▶ **Activity**: Give back the lines below exactly, but do not include any pictures.

Stored entries:
_ _ _ _ _ _ _

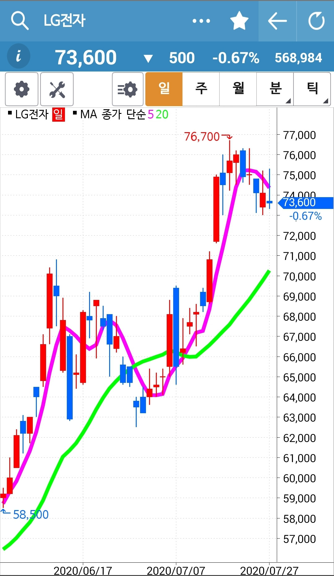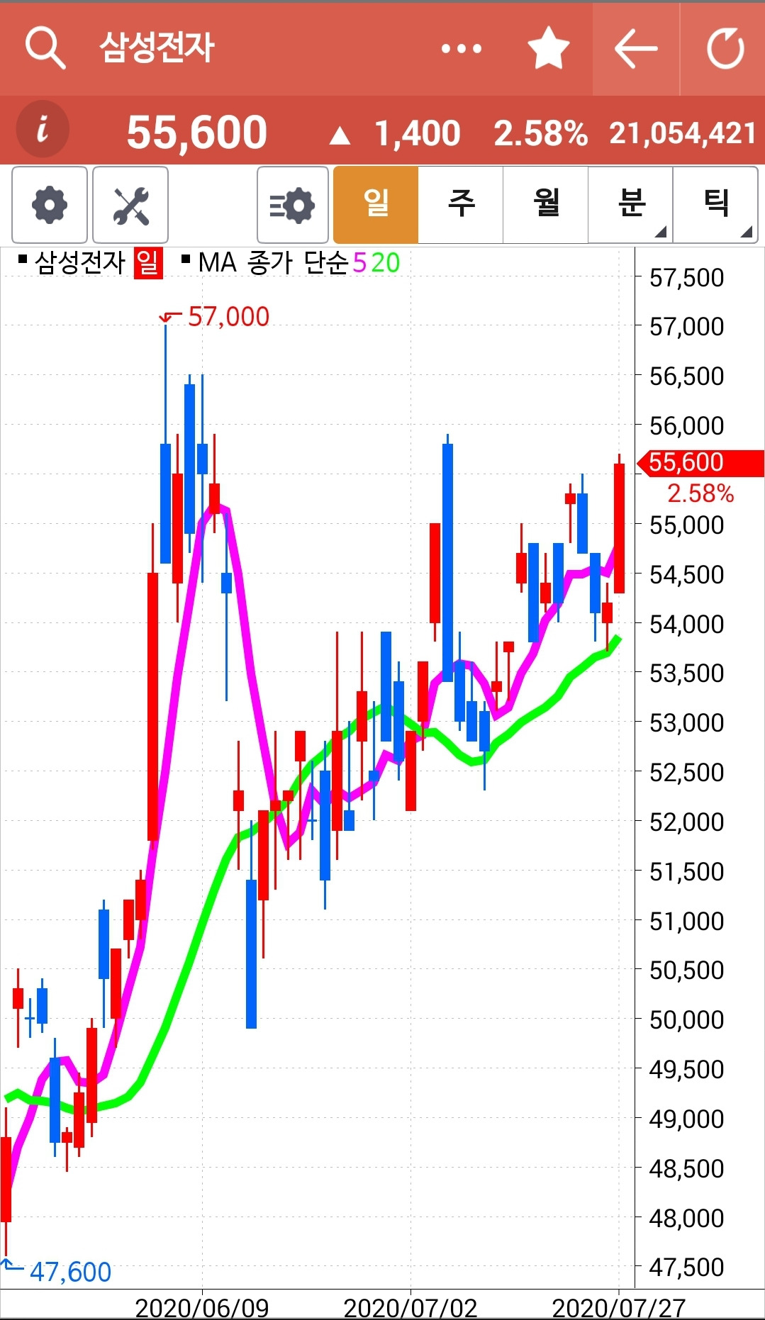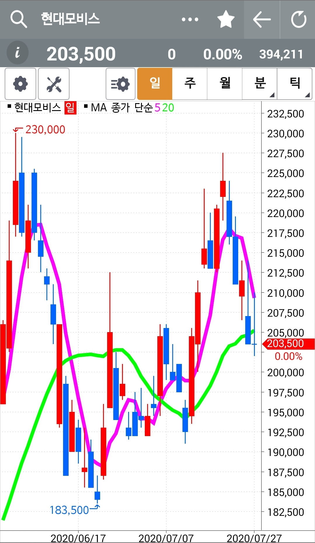 5일선이 20일선 위에 있지만 조정을 받아 다시 20일선 근처까지 왔다는 것이 바로 이 종목을 고른 이유인데 생각해보니 내려오는 그림을 선택한 꼴이 되었다. 그건 아닌가 보다. 빵 뚫고 올라가는 걸 사야지. 음. 다시 종목 선정 시 이렇게 20일선 근처라고 사는 일은 하지 말자. 20일선을 뚫고 올라가는 걸 사도록 하자. 내려가는 건 계속 내려가려 할 테니까. 어쨌든 내려가는 그림은 금물!!! 기다려서라도 높게 주고 사더라도 이 내려가던 방향이 위로 턴할 때 사는 걸로 하자꾸나. 파이팅!!!
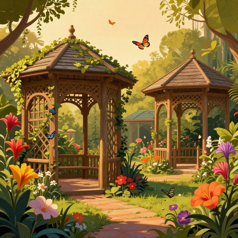 Prosperity illustrated through a flourishing garden overflowing with blooming flowers, ripe fruits, and winding vines under a clear blue sky, a shimmering river flowing nearby symbolizing continuous growth, warm golden tones evoking feelings of wealth, health, and happiness.
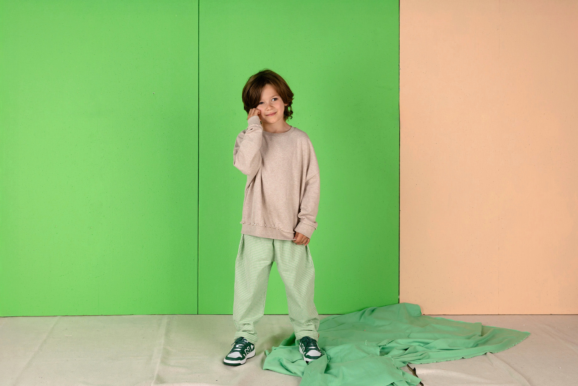 • Een erg leuk appelgroen met off white geruit broekje
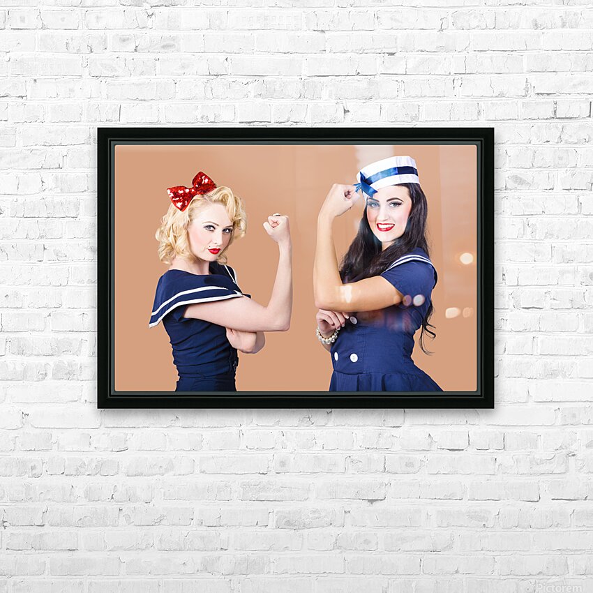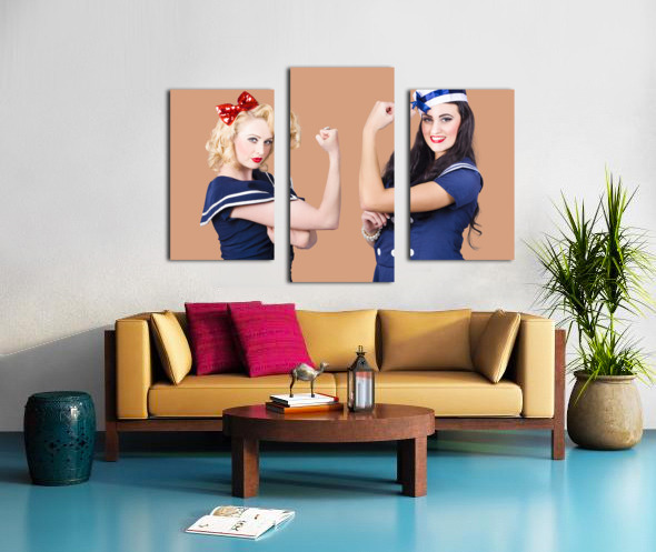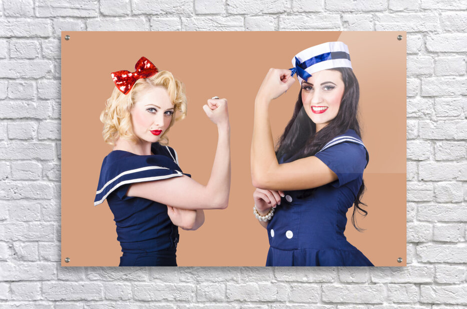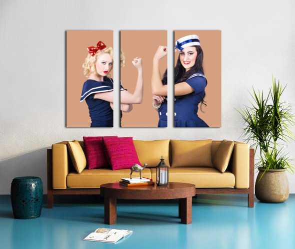 Pin-up sailor girls showing physical strength Frame print
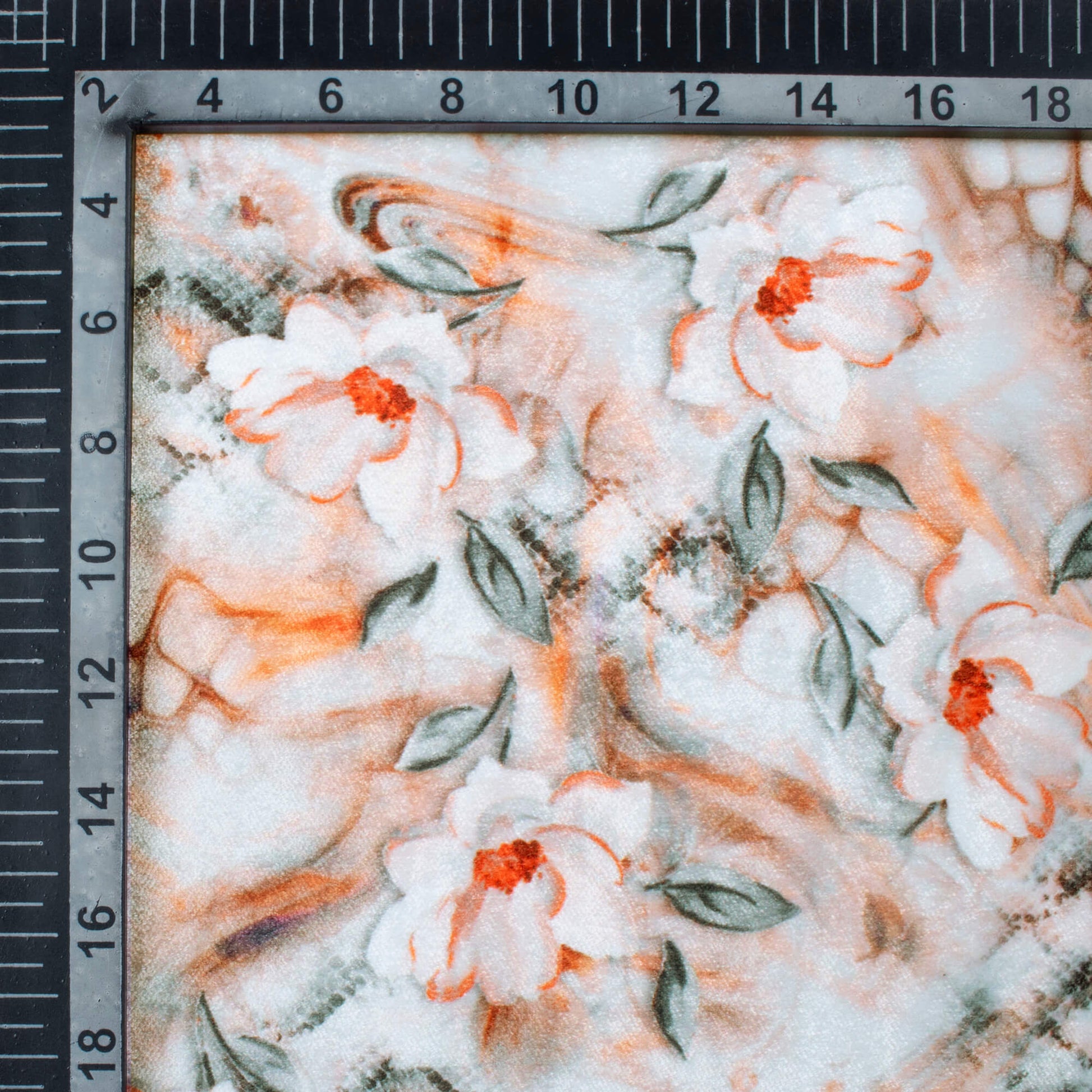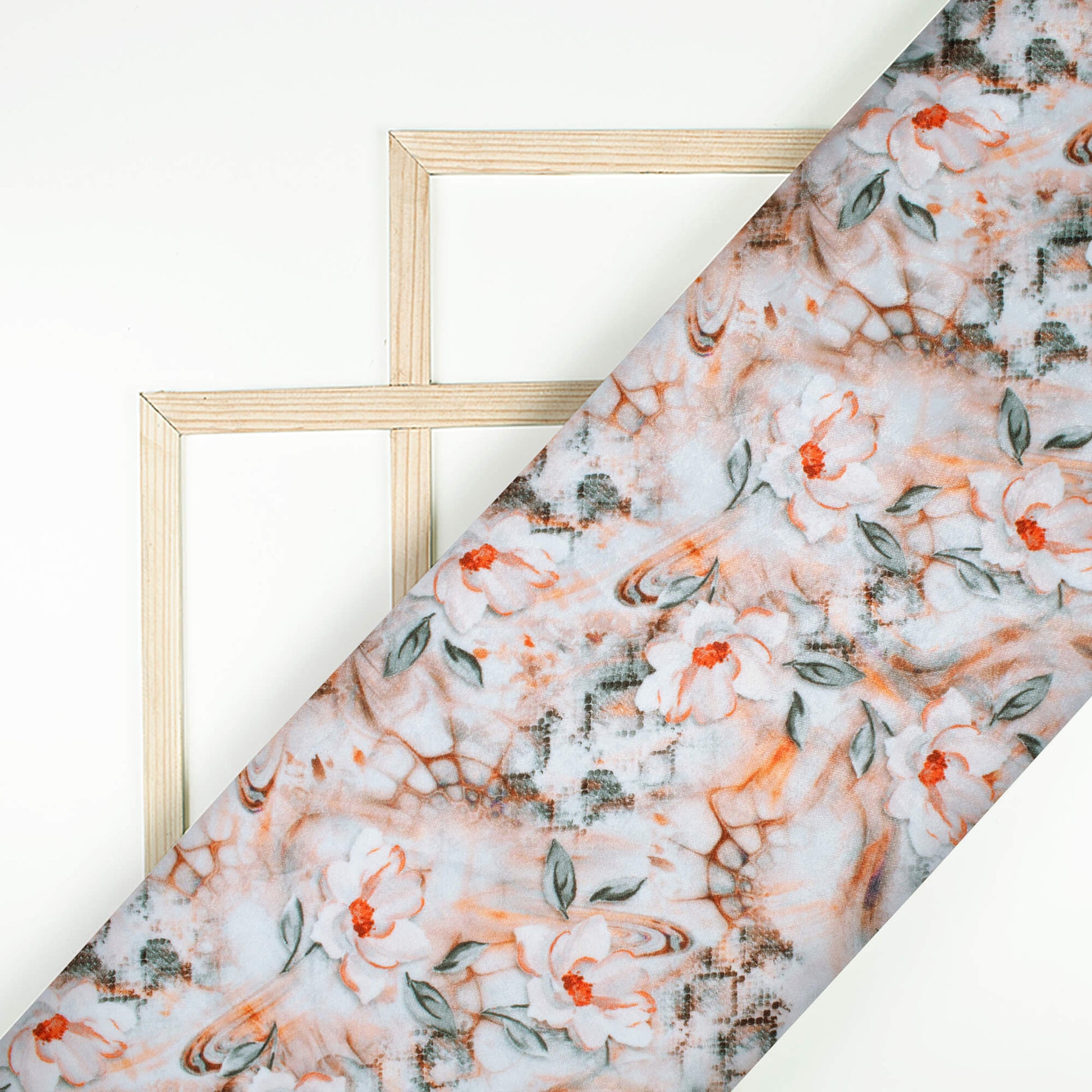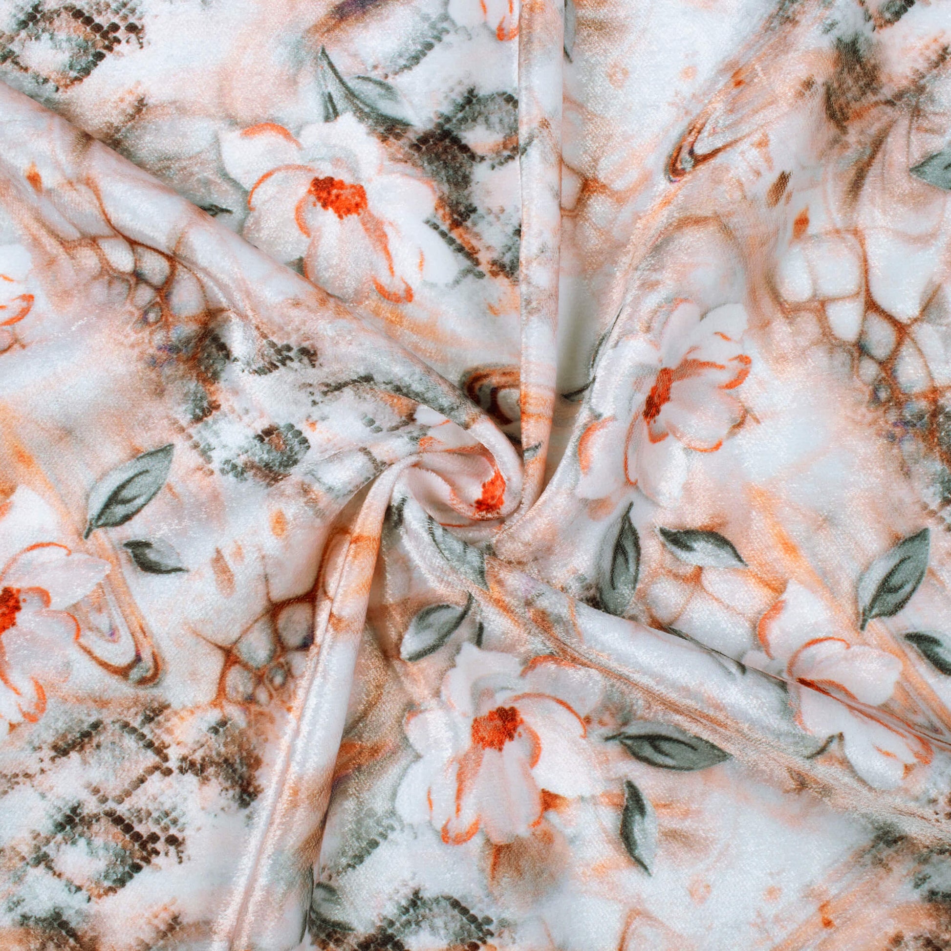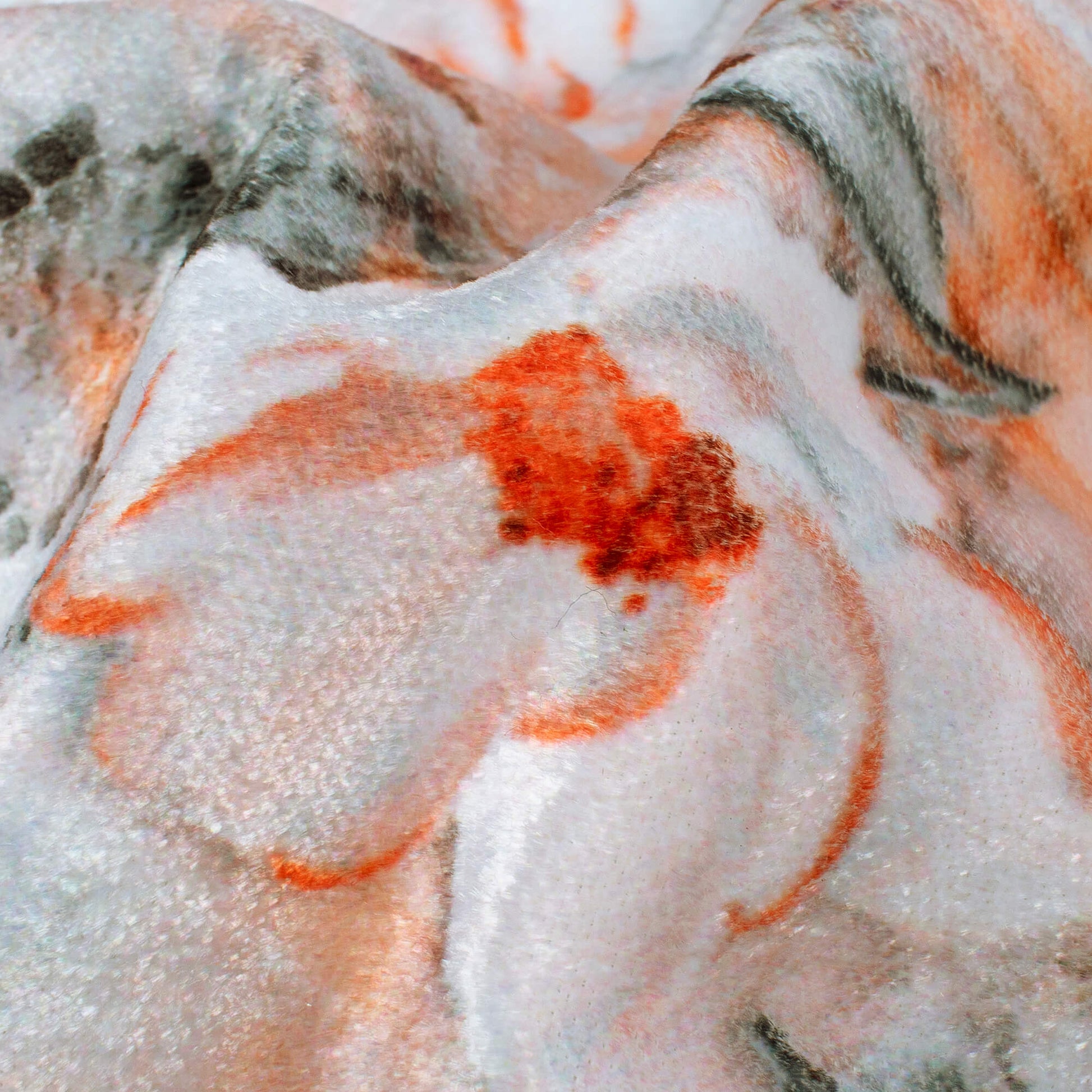 Light Orange And Grey Floral Pattern Digital Print Premium Velvet Fabric
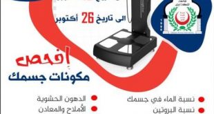 شبكة اخبار التعليم / صنعاء بمناسبة اليوم العالمي للغذاء ؛ يقدم قسم التغذية العلاجية والحميات بكلية العلوم الطبية بجامعة الملكة اروى، تخفيض 50% للفحص الكامل لمكونات الجسم ، وذلك خلال الفترة من 19 – 26 أكتوبر الجاري .
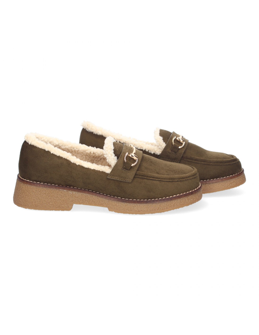 Mocasines de Mujer, Comodos y Elegantes, Forrados de Borreguillo, Detalles de Costuras y Adorno Metalico en el Empeine.

_ _ _ _ _ _ _

▶ **Result for this exercise**:
 5일선이 20일선 위에 있지만 조정을 받아 다시 20일선 근처까지 왔다는 것이 바로 이 종목을 고른 이유인데 생각해보니 내려오는 그림을 선택한 꼴이 되었다. 그건 아닌가 보다. 빵 뚫고 올라가는 걸 사야지. 음. 다시 종목 선정 시 이렇게 20일선 근처라고 사는 일은 하지 말자. 20일선을 뚫고 올라가는 걸 사도록 하자. 내려가는 건 계속 내려가려 할 테니까. 어쨌든 내려가는 그림은 금물!!! 기다려서라도 높게 주고 사더라도 이 내려가던 방향이 위로 턴할 때 사는 걸로 하자꾸나. 파이팅!!!
 Prosperity illustrated through a flourishing garden overflowing with blooming flowers, ripe fruits, and winding vines under a clear blue sky, a shimmering river flowing nearby symbolizing continuous growth, warm golden tones evoking feelings of wealth, health, and happiness.
 • Een erg leuk appelgroen met off white geruit broekje
 Pin-up sailor girls showing physical strength Frame print
 Light Orange And Grey Floral Pattern Digital Print Premium Velvet Fabric
 شبكة اخبار التعليم / صنعاء بمناسبة اليوم العالمي للغذاء ؛ يقدم قسم التغذية العلاجية والحميات بكلية العلوم الطبية بجامعة الملكة اروى، تخفيض 50% للفحص الكامل لمكونات الجسم ، وذلك خلال الفترة من 19 – 26 أكتوبر الجاري .
 Mocasines de Mujer, Comodos y Elegantes, Forrados de Borreguillo, Detalles de Costuras y Adorno Metalico en el Empeine.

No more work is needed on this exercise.